Step 2 is to ADMIT all of this truth about the way our bodies work (lust), to face it, to stop repressing it, creating guilt, and then projecting that guilt onto other people.

You say it bothers you that she slept with this guy, but deep down it only bothers you because it’s turning you on.

Now, facing this stuff and coming to terms with it doesn’t mean we need to go out and choose a lifestyle of lust and sex without love. It’s probably wiser to simply admit the feelings of lust, and then let the feelings go.

The trick is always AWARENESS and ACCEPTANCE.

Can you accept your body for what it is?
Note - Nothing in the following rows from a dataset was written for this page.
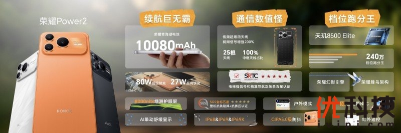 荣耀Power2打造了强大的机身可靠性,机身中框采用四角榫卯卸力设计,抗摔能力提升25%,抗弯能力提升22%,整机通过SGS金标五星整机抗跌耐摔+抗挤压认证。同时,其还具备IP68+IP69+IP69K满级防尘防水,支持超高温、超时长、任意种类防水以及10000+次反复入水无忧四重防护,即使在极端户外环境也能轻松应对。
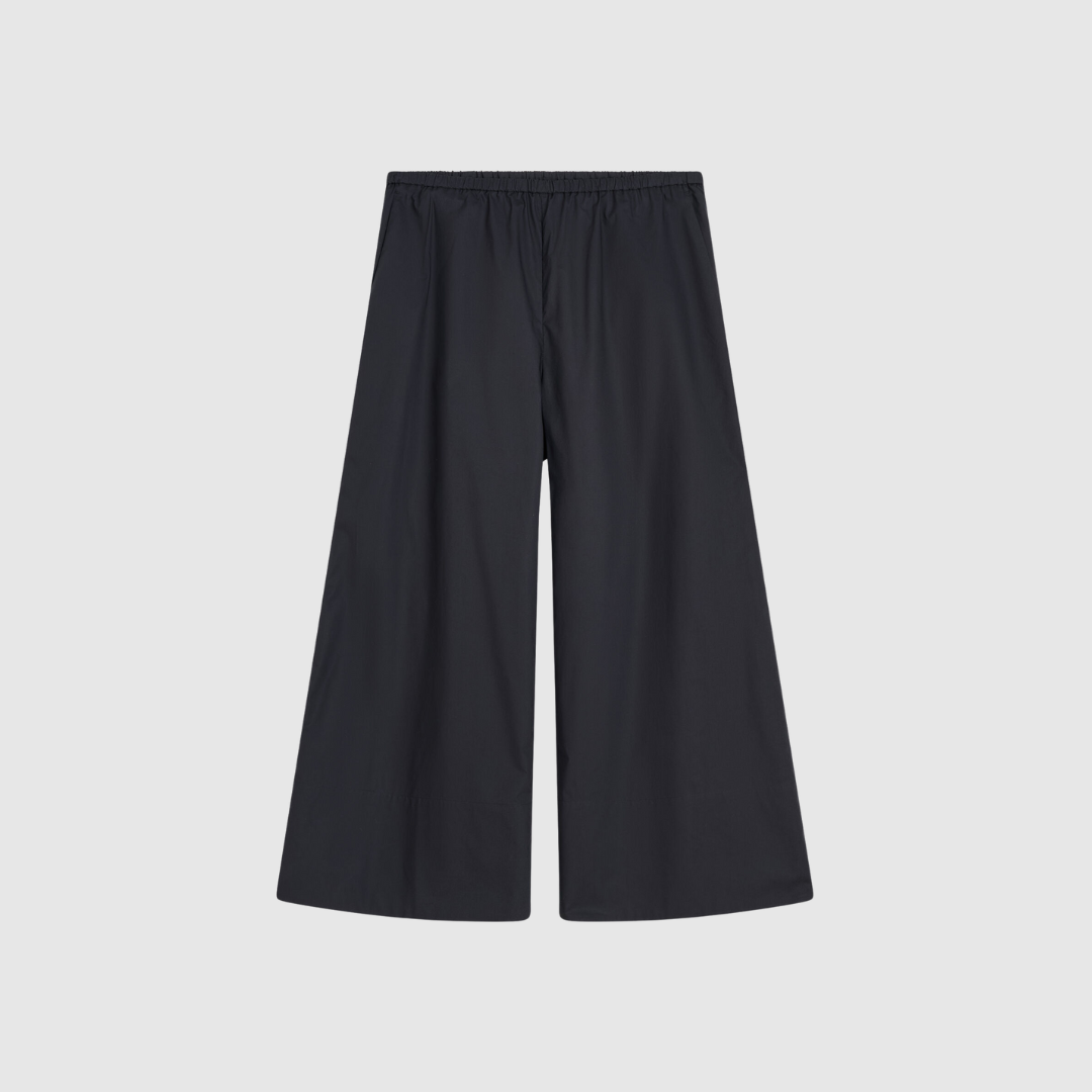 Luisa‑bukserne fra By Malene Birger er et par elegante, luftige og moderne bukser, der kombinerer komfort med skandinavisk minimalisme. De er fremstillet i sprød, økologisk bomuld og designet i en løs, højtaljet pasform med brede, cropped ben, som skaber en afslappet og samtidig sofistikeret silhuet.
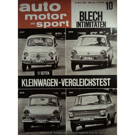 INHALT Vergleichstest BMW IS Luxus, DKW Junior De Luxe, NSU Prinz 4, NSU-Fiat Jagst 770 Wir fuhren: Rallye-DKW F 12 Das ganz große Spielzeug Preise in der Frühlingssonne Zu dünnes Blech für unsere Autos? Wir fuhren: Hillman Imp Jesse Alexander fuhr den Studebaker Avanti Ein bewaffnetes Lächeln Für alle Fülle: Waffen für den Autofahrer Beiderseits der Maloja-Kehren Alfa Romeo Gut. TI Super Gedanken zu einer neuen Rennformel Neuer Formel 1-Rennwagen von Ferrari Bandscheibenschoner Dem Auto Hörner aufgesetzt
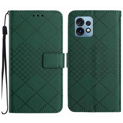 - 1x Funda de Cuero para Motorola Edge + (2023) y Edge 40 Pro con Textura de Rejilla Rómbica (Verde)
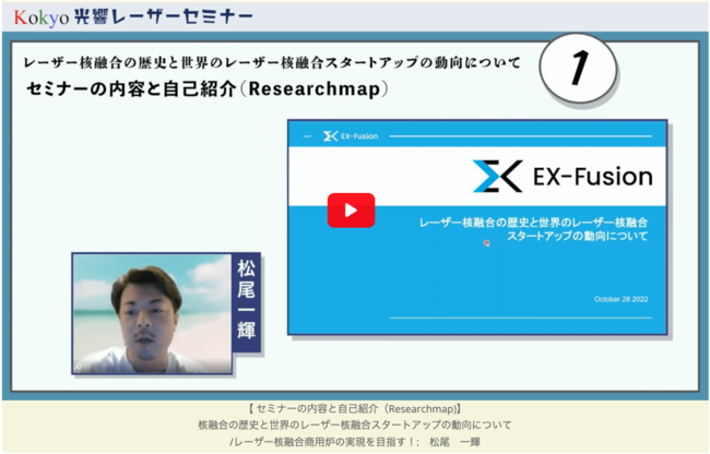 松尾様自身がレーザー核融合商用炉の実現を目指した会社を経営している立場から、それらの動向を概説いただいたセミナーの動画配信をいたします。
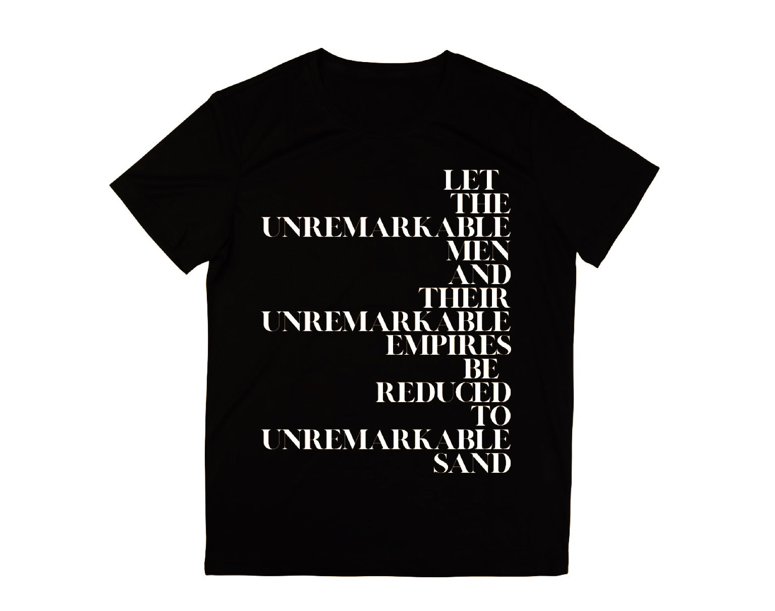 White Text: "LET THE UNREMARKABLE MEN AND THEIR UNREMARKABLE EMPIRES BE REDUCED TO UNREMARKABLE SAND”

Can you also accept HER body for what it is?

Now, to transcend ALL of this, so that no matter what your girlfriends choose for themselves sexually, it won’t bother you or upset you in the slightest, the only solution that I know of is to increase your level of consciousness.

And by that, I mean you’ll have to Open Your Heart and learn to choose Unconditional Love. If you stay in the lower three Chakras, you are choosing to stay, literally, in Hell.

Can you LOVE HER no matter what she is choosing for herself? Can you let her go, and let her live the life she chooses and experience the karmic lessons that she is here to learn? How do you know she isn’t MEANT to go fuck a thousand guys and get AIDS?

Can you have COMPASSION for her, even if she decides to sleep with the entire football team?

You see, your love isn’t real love at all, your love says, “I love you, but only if you do XY and Z!”

It is conditional, there are strings attached, and you have turned her into a thing, into a possession that you are trying to own.

This is about as much as I can say, if you truly want freedom from this kind of emotional pain, you’re going to need to meet me half-way and start your Spiritual Path.

Only with an open Heart will you be able to transcend all of this pain and neediness you’re experiencing.